Todos somos leprosos (Marcos 1,40-45), comentario sobre el Evangelio del domingo 14 de febrero de 2021.
Esta pandemia nos está haciendo aprender muchas cosas.
Algunas seguramente sabidas, pero que teníamos en un segundo o tercer plano de
nuestra memoria. Otras las hemos tenido que descubrir a golpe de miedo y de
aislamiento. Hemos aprendido de nuestra fragilidad; de la fragilidad de nuestra
condición biológica y de nuestra condición psíquica. Como seres biológicos, nos
ha enfrentado a la posibilidad, palpable y cotidiana, de enfermar y morir.
Hemos escuchado tantos nombres de personas que se ha llevado el virus, que
hemos descubierto que en cualquier momento podemos perder lo que más queremos,
a quienes más queremos.
Hemos aprendido lo que significa la soledad de no poder
celebrar, festejar o, simplemente, convivir con los nuestros. Los medios de
comunicación han podido paliar esa sensación de distancia y de desvalimiento
que nos invadía; alguna vez hemos también experimentado la Presencia luminosa
que nos habita y que siempre nos acompaña.
Todos hemos experimentado la desazón de ser un peligro
para los demás; de tener que apartarnos de ellos; de ver cómo alguien se
apartaba de nosotros si nos aproximábamos a ellos más de la cuenta.
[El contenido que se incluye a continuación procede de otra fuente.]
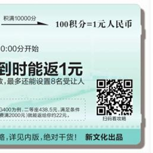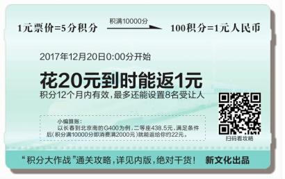小编以长春到北京南的G400为例,二等座438.5元,满足条件后(积分满1万分即消费满2000元)就能返给你约22元。
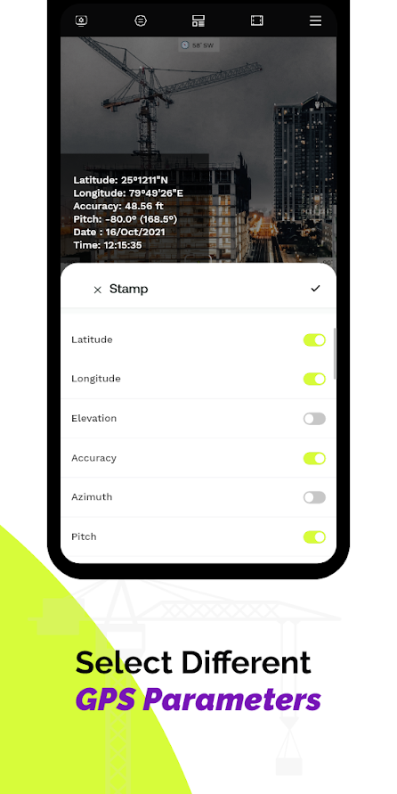 For you, we combined this angular camera app with a Timestamp camera, GPS camera & Notecam. So you can get all the stamps on your photos and videos.

Y lo hemos
entendido, porque todos, también nosotros, podemos ser contagiadores sin
saberlo. Y, sin embargo, algo se nos desgarra por dentro; se resiste a
conformarse; y se rebela ante la ausencia de besos, de abrazos, de cercanía.
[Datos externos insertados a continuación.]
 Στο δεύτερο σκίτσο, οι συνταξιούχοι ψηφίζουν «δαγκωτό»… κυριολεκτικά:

El evangelio de este domingo nos da razón de cómo Jesús,
fuente de toda pureza, se acerca a un leproso, y le habla al oído, y le abraza,
y lo limpia, y lo rehabilita a la vida con los suyos. Todos somos hoy, más que
nunca, ese leproso que necesita el abrazo del Hijo de Dios, el abrazo del
hermano que nos quiere.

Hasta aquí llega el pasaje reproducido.